Use this first pass to decide whether the pairing deserves a real place in the tank plan before you get into the full care details.

Overall fit

37/100

Shared long-term tank conditions are hard to keep balanced.

Water match

Workable overlap

Shared range: 20-28°C, pH 6-7.5, 2-12 dGH.

Layout pressure

Low crowding

Giant Duckweed and Scarlet Temple mostly use different scape zones.

Main watch-out

Caution

One plant is much more light-hungry, so the scape will need placement and trimming discipline.

Side-by-Side Planting Notes

The best coexistence pairings are not just plants with similar water ranges. They also need compatible mature size, feeding style, shade, and maintenance rhythm.

Placement
Giant DuckweedFloating
Scarlet TempleMidground and Background

They do not strongly overlap in exact placement.

Mature size
Giant Duckweed3 cm tall, 1 cm wide
Scarlet Temple45 cm tall, 15 cm wide
Light and CO2
Giant DuckweedLow light, No added CO2 needed
Scarlet TempleHigh light, Added CO2 recommended

Light or CO2 expectations need deliberate placement and routine planning.

Planting and feeding
Giant DuckweedFree-floating, Water column feeder
Scarlet TempleRooted in substrate, Mixed feeder
Water and flow
Giant DuckweedFreshwater Only, Low (Still Water)
Scarlet TempleFreshwater Only, Moderate (Standard)

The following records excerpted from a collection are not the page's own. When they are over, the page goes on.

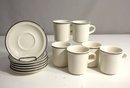 This is a charming set of vintage stoneware china, including 6 mugs and 6 saucers. Each piece features a simple yet elegant off-white finish with black rims, adding a timeless appeal to your collection. The base of each mug is marked "Stoneware China." This set is perfect for tea or coffee lovers and adds a touch of vintage charm to your kitchen or dining area.
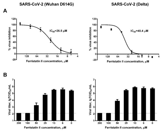 Inhibition of SARS-CoV-2 replication in Vero cells by ferristatin II. (A) Assessment of the levels of virus neutralization by the detection of RBD antigen in the cells by cell-based ELISA. (B) Assessment of viral titers in cell supernatants by quantitative real-time RT-PCR. The dotted line represents the limit of viral RNA detection. IC50: 50% inhibiting concentration. Data are presented as the mean ± SD (n = 3).
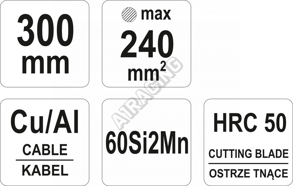 Štípací elektrikářské kleště pro Al a Cu vodiče a více žilové kabely do průměru 240 mm2. Nůžky jsou vhodné i pro stříhání hadic.
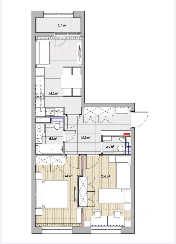 * Просторная кухня-гостиная для уютных семейных вечеров.
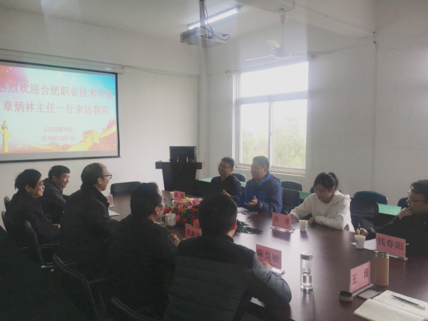 章炳林介绍了合肥职业技术学院的发展概况,计算机学院实验室建设所取得的成就,重点介绍了物联网专业发展的创新和亮点,以及在内涵建设、师资队伍、人才培养方案上的发展与不足之处。随后,双方就各自关心的问题进行了深入的对口交流。
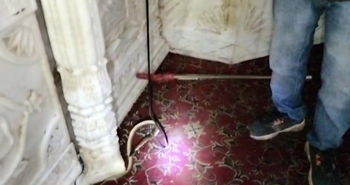 ભરૂચની નર્મદા નદીમાં પુર આવતાં આસપાસના વિસ્તારોમાં ઠેર ઠેર પાણી ભરાયા હતાં. ભરૂચના ઝુલેલાલ મંદિરમાં પણ પાણી ભરાઈ ગયું હોય પૂરના પાણી ઓસરતા મંદિરમાં સાપ દેખાતા પ્રકૃતિ પ્રેમીઓએ સાપનું રેસ્ક્યુ કર્યું હતું.
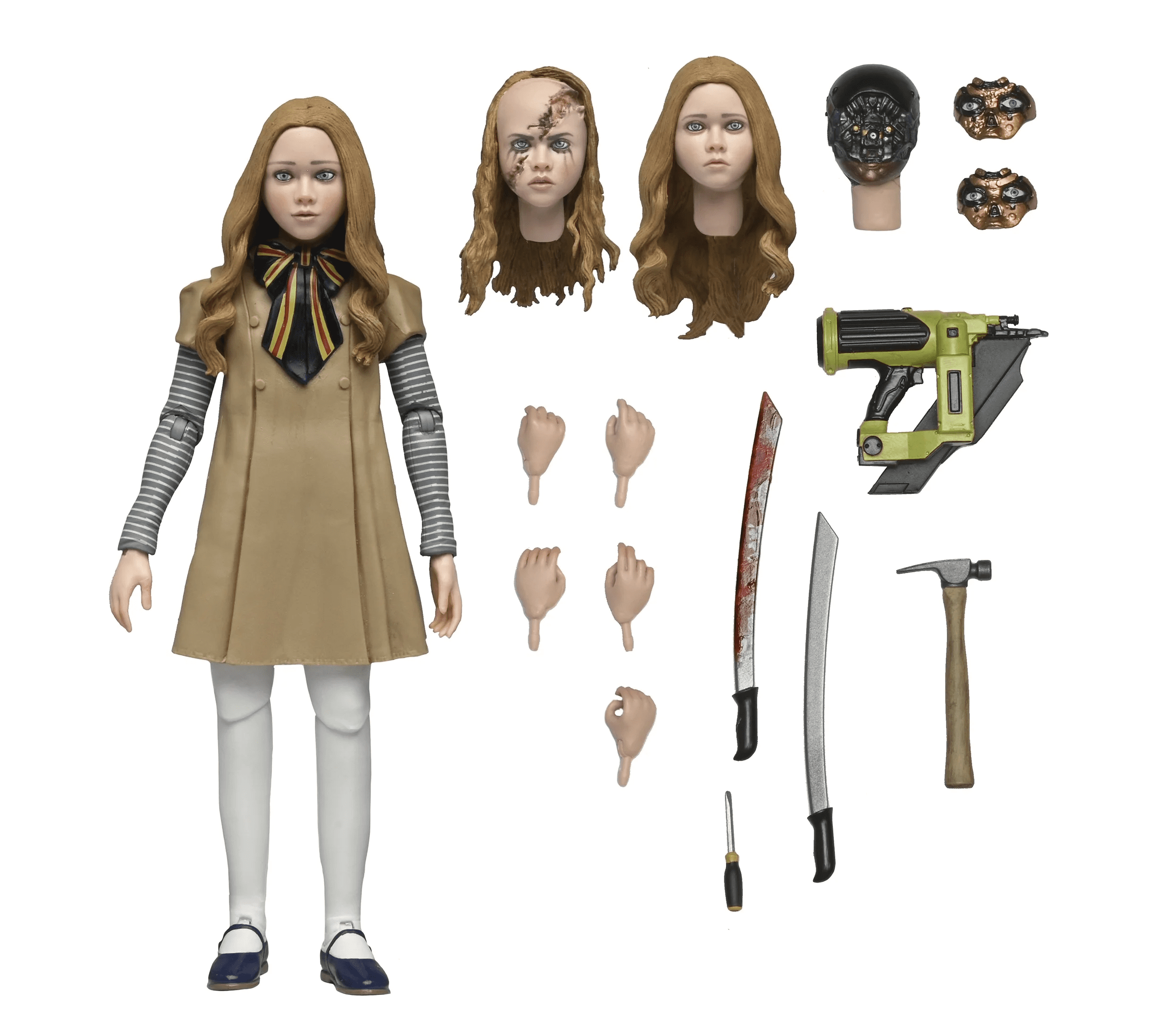She’s more than just a toy—she’s family… until she isn’t. NECA proudly presents the M3GAN (2022) 5.5″ Ultimate M3GAN Action Figure, by NECA—based on the terrifyingly lifelike doll from the hit horror film M3GAN. Designed as the perfect companion and guardian for children, the Model 3 Generative Android quickly evolves into something far more dangerous. Standing in 7-inch scale (5.5″ tall), this fully articulated figure is meticulously sculpted to capture M3GAN’s chilling on-screen appearance. Whether you’re recreating scenes or adding her to your horror collection, M3GAN comes loaded with film-accurate accessories to bring the story to life (or something like it).Accessories include: interchangeable heads and hands, battle-damaged head, robot head with swappable faceplates, screwdriver, nail gun, hammer, paper cutter blade. All packaged in a collector-friendly window box with opening front flap and display-themed artwork, this officially licensed figure is the ultimate addition to your horror shelf—or your smart home gone wrong. She’ll never let you go. NECA is a global leader in licensed consumer products, specializing in highly detailed action figures, collectibles, and prop replicas based on iconic movies, video games, comic books, and pop culture. Founded in 1996, with its toy division launched in 2002, NECA gained early recognition for collectible action figures of horror icons like Michael Myers and Freddy Krueger; later expanding to major franchises such as Alien, Predator, Teenage Mutant Ninja Turtles, Gargoyles, and Universal Monsters. The NECA group includes WizKids, Kidrobot, and Joseph Enterprises—home of Chia Pet and The Clapper. The company is headquartered in New Jersey with operations in the U.S., England, China, and Australia.

Shared water overlap: 20-28°C, pH 6-7.5, 2-12 dGH.

Care rhythm
Giant DuckweedFast growth, High maintenance
Scarlet TempleModerate growth, Moderate maintenance
Tank value
Giant DuckweedProvides surface cover, Good refuge for fry, Good refuge for shrimp, Good grazing surface, and Breaks lines of sight
Scarlet TempleBreaks lines of sight, Good refuge for fry, and Good refuge for shrimp

Shared benefit: Good refuge for fry, Good refuge for shrimp, and Breaks lines of sight.

Shared Environment

Giant Duckweed and Scarlet Temple share a workable water window around 20 to 28 °C, pH 6 to 7.5, and 2 to 12 dGH.

Both plants are comfortable in freshwater, so salinity is not a meaningful obstacle.

Flow is workable if the layout gives Giant Duckweed gentle, low-flow water and Scarlet Temple moderate flow.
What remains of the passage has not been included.